54th Speaker of the Wisconsin State Assembly
- In office January 7, 1935 – November 5, 1936 (died)
- Preceded by: Cornelius T. Young
- Succeeded by: Paul Alfonsi

Member of the Wisconsin State Assembly from the Rusk–Sawyer district
- In office January 7, 1929 – November 5, 1936 (died)
- Preceded by: Alfred Schultz
- Succeeded by: Carl R. Nyman

Personal details
- Born: April 20, 1874 Baraboo, Wisconsin, U.S.
- Died: November 5, 1936 (aged 62) Ladysmith, Wisconsin, U.S.
- Resting place: Riverside Cemetery, Ladysmith
- Party: Progressive; Republican (before 1934);
- Spouse: Avis Aurelia McGilvera ​ ​(m. 1906⁠–⁠1936)​
- Children: Wilmer Stewart Carow; ^{(b. 1910; died 1988)}; John Carow; ^{(b. 1913; died 1995)}; P. Jean Carow; ^{(died 1918)};
- Education: University of Wisconsin Law School;
- Profession: Lawyer, politician

= Jorge W. Carow =

American lawyer and politician (1874–1936)

Jorge Wilmer Carow (April 20, 1874 – November 5, 1936) was an American lawyer and Progressive Republican politician from Rusk County, Wisconsin. He was the 54th speaker of the Wisconsin State Assembly (1935-1936) and served four terms in the Assembly representing Rusk and Sawyer counties.

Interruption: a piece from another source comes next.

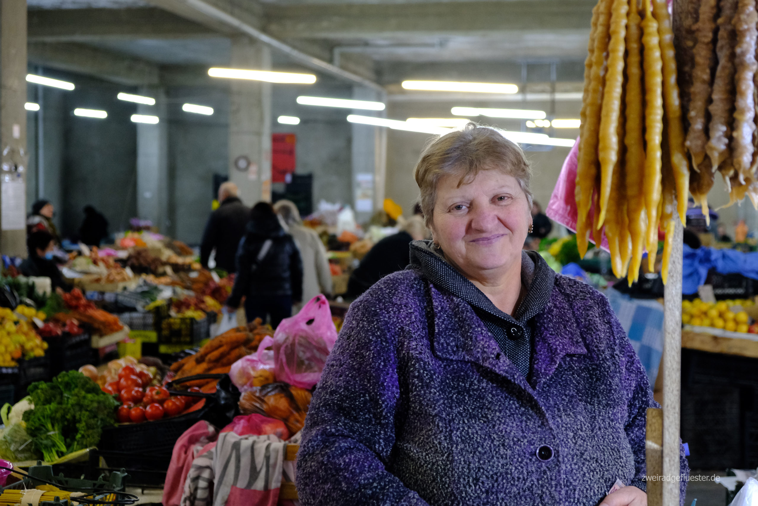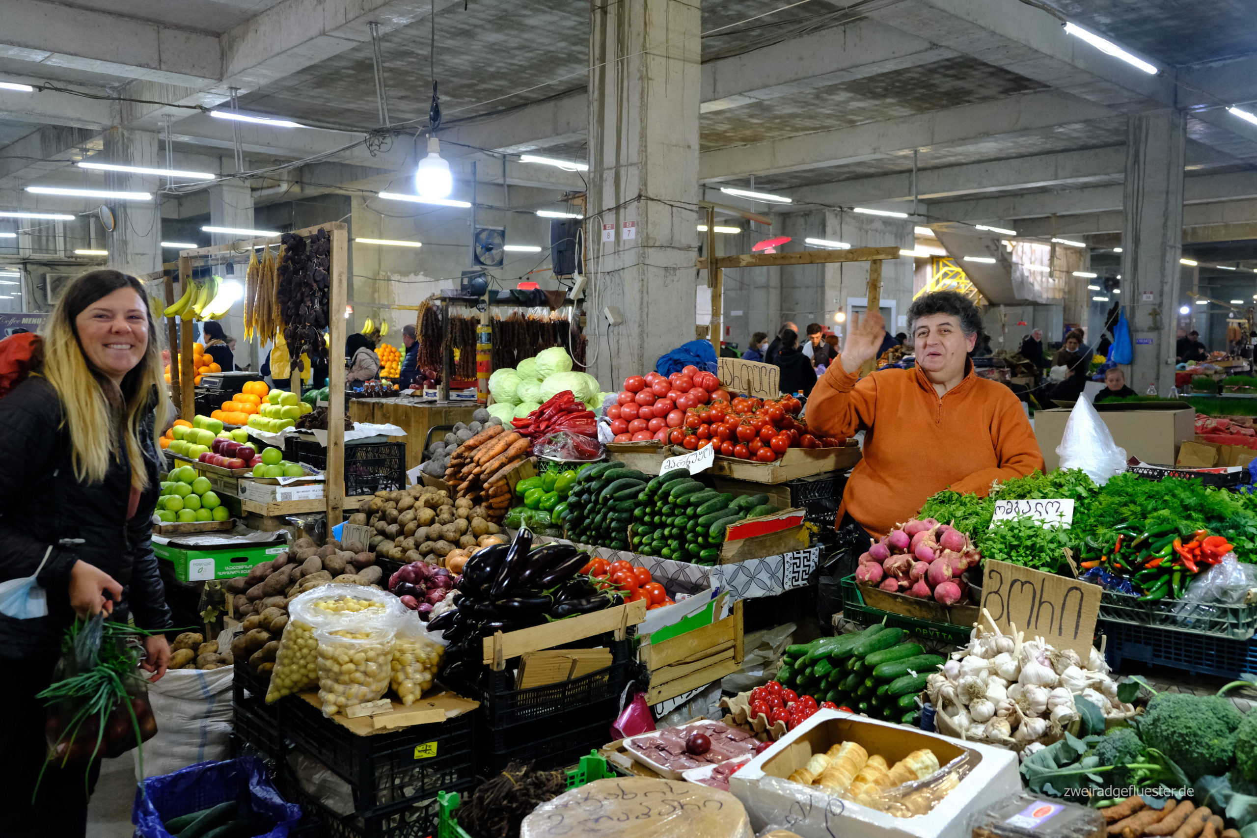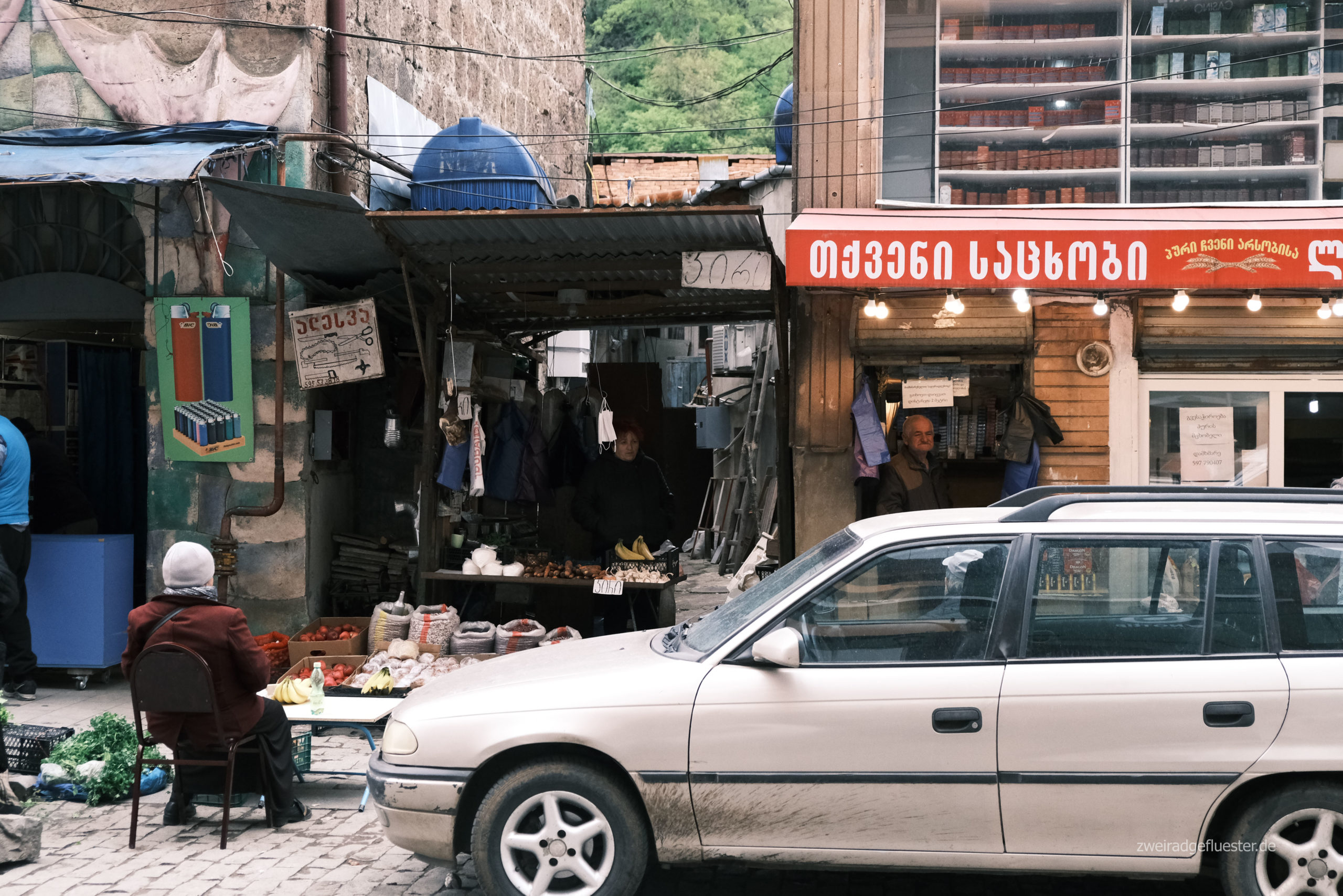 Wieder in Kutaisi angekommen schlendern wir durch die Straßen. Es ist ein einziges Gewimmel. Überall werden Sachen am Straßenrand verkauft. Auf dem Green Bazaar decken wir uns für die nächsten Tage ein und genießen den Markttrubel in vollen Zügen.
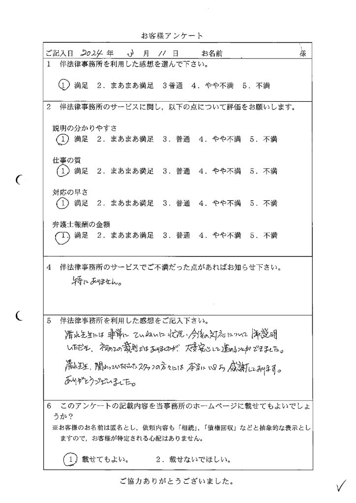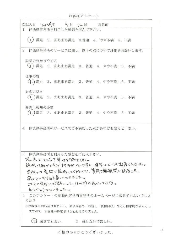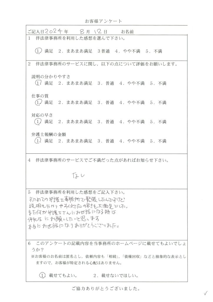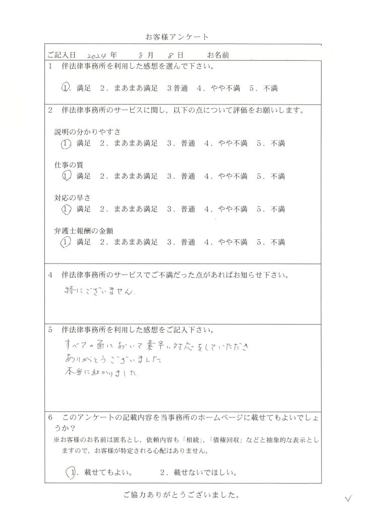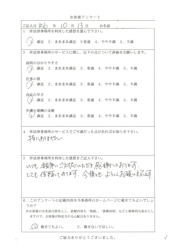 186 初めての弁護士事務所で緊張したけれど、説明も分かりやすく対応の早さも大満足でした

==Early life and education==
Jorge Carow was born and raised in Baraboo, Wisconsin, educated in the common schools there. As a young man, he attended the University of Wisconsin, and graduated from the University of Wisconsin Law School in 1902. He was selected from his graduating class to serve a one year term as associate in the Madison law firm of law professor John M. Olin. After his year working at Olin & Butler, Carow returned to Baraboo and formed a law partnership with Edward Dithmar.

In 1907, Carow left Baraboo and moved to Ladysmith, Wisconsin, where he resided for the rest of his life. In Ladysmith, he started a new law firm in partnership with Theodore M. Thomas.

==Political career==
A year after settling in Ladysmith, Carow made his first attempt at public office, seeking the Republican Party nomination for district attorney of Rusk County, Wisconsin. Carow narrowly lost the Republican nomination to A. N. Anderson, falling just four votes short. After the close result, Carow decided to run as an independent candidate. With no other candidates on the ballot, the general election was a rematch of the Republican primary, and Anderson prevailed again. He ran again for district attorney in 1910, challenging Anderson in the Republican primary. A third candidate, Charles Kirwan, also ran and defeated both of them.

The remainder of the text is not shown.